Abstrak
Determinants Of Credit Crunch : A Study on Commercial Banks in Indonesia in 2005-2010
Sulaeman Rahman Nidar, Noviana Puspita Sari
Universitas Padjadjaran, Proceeding The 13th Malaysia-Indonesia International Conference on Economics, Management and Accounting (MIICEMA) 2012
Bahasa Inggris
Universitas Padjadjaran, Proceeding The 13th Malaysia-Indonesia International Conference on Economics, Management and Accounting (MIICEMA) 2012
CAR, Credit Commercial Banks, DPK, inflation, Interest Rate Credit, ldr, NPLs
Banks are business entities that play a role in collecting funds from the community and distribute those funds to the general public. Efforts to raise funds obtained from the wider community through three forms namely, demand deposits, savings deposits, and savings deposits while efforts to distribute funds through from lending activity.
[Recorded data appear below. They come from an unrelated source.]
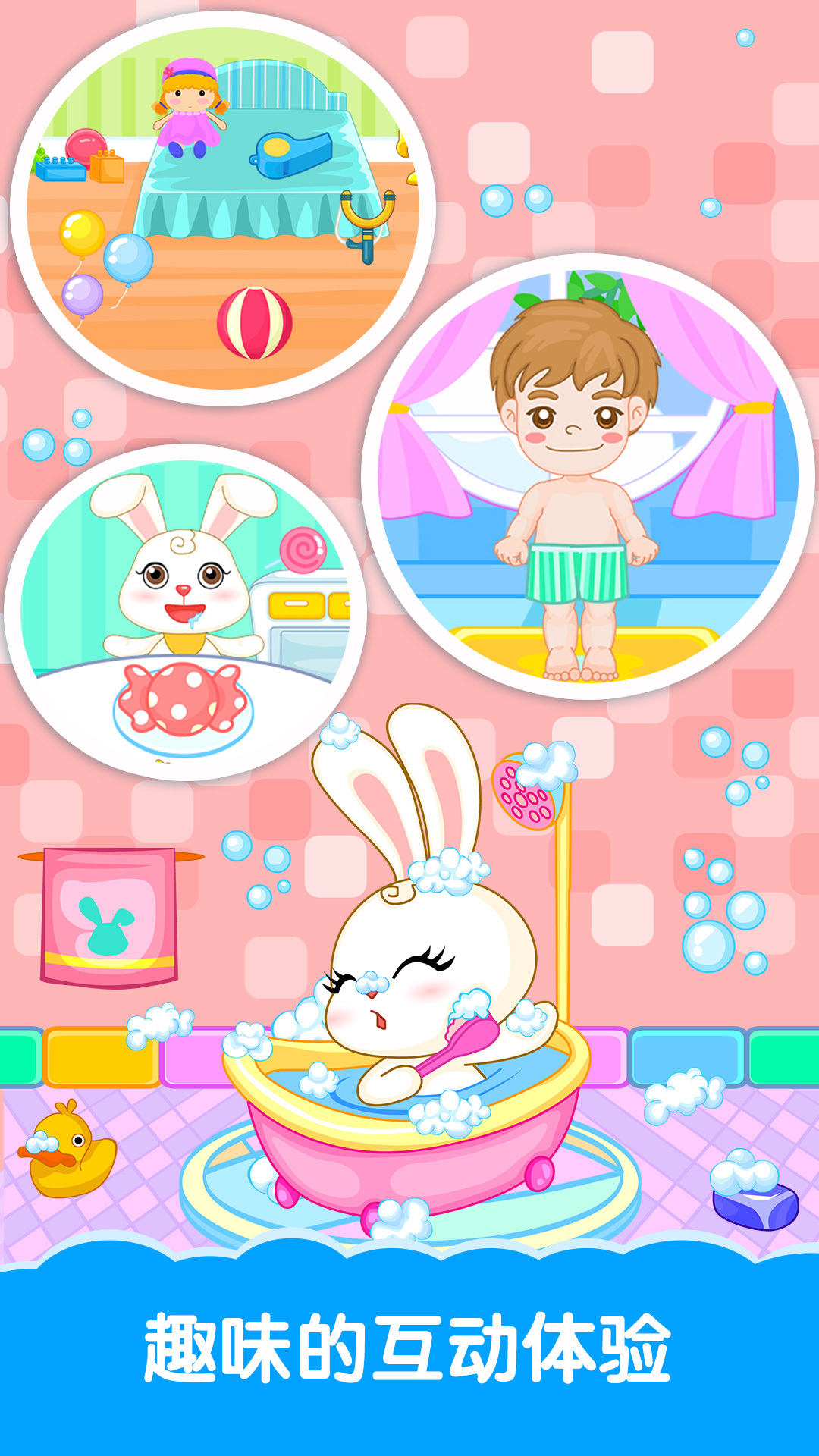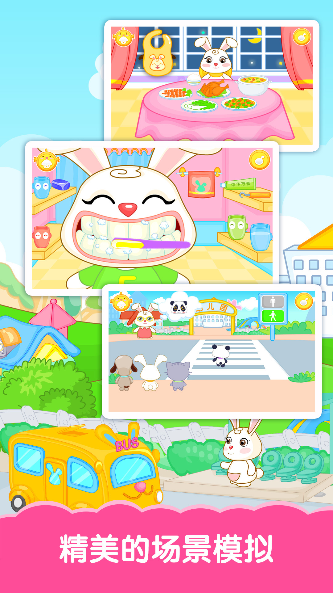 巴宾兔根据宝宝身心发展特点和学习规律,从宝宝的日常生活和学习特点出发,打造这款儿童教育应用。本应用从生活性、趣味性以及启蒙性等方面着手,让宝宝在使用中学习知识,激发学习兴趣,体会生活经验,培养良好习惯。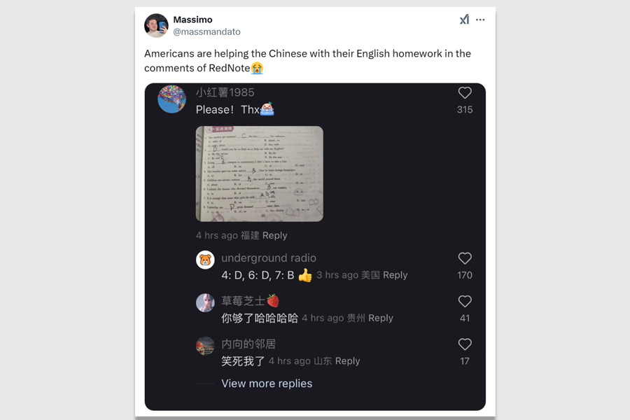 Other users shared amusing stories of Chinese users on RedNote asking Americans for help with their English homework.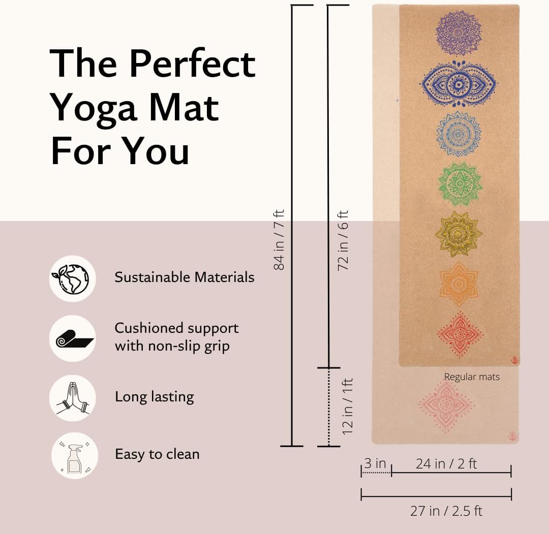 Shakti Warrior Chakra Cork Yoga Mat - Extra Long & Wide, Non Slip, Non Toxic, Great for Yoga, Pilates & Workout (84 x 27 x 2mm Thick)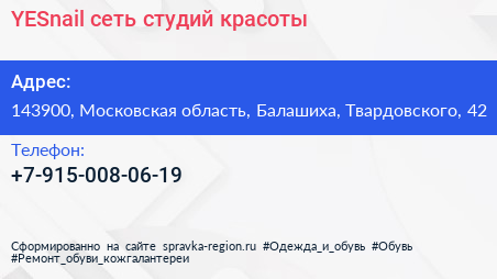 YESnail, сеть студий красоты по адресу 143900, Московская область, Балашиха, Твардовского, 42 в дальнейшем Организация, размещена в следующих категориях:

Lending activity is able to bring development in the economy. The research was motivated by the phenomenon of bank lending is not optimal. This situation triggered by the LDR commercial banks are still below the standards set by Bank Indonesia. When credit is not ideal and this happens because of the bank is reluctant to channel credit there is a credit crunch phenomenon. Moreover, in this study looks inconsistencies of the factors that influence the distribution of credit. Therefore, this study would examine the factors that influence the lending policies relating to the credit crunch phenomenon which includes mortgage interest rates, Capital Adequacy Ratio (CAR), Non-Performing Loans (NPLs), Loan to Deposit Ratio (LDR), Party Funds Third (DPK), and inflation. This research studied at a commercial bank with the period 2005-2010 (quarterly). Analysis technique used is multiple linear regression with hypothesis test using the t test to see the influence of variable partially and the F test to see the influence of variables simultaneously with a significance level of 5%. Based on the results of processing the data obtained that simultaneous variable mortgage interest rates, CAR, NPLs, LDR, deposits, and inflation have a significant effect on bank lending. Partially, interest rate, LDR, and the NPL have unsignificant negative effect on the distribution of bank credit. CAR is significantly negative effect on bank lending. Meanwhile, DPK and inflation has positive and significant effect on bank lending.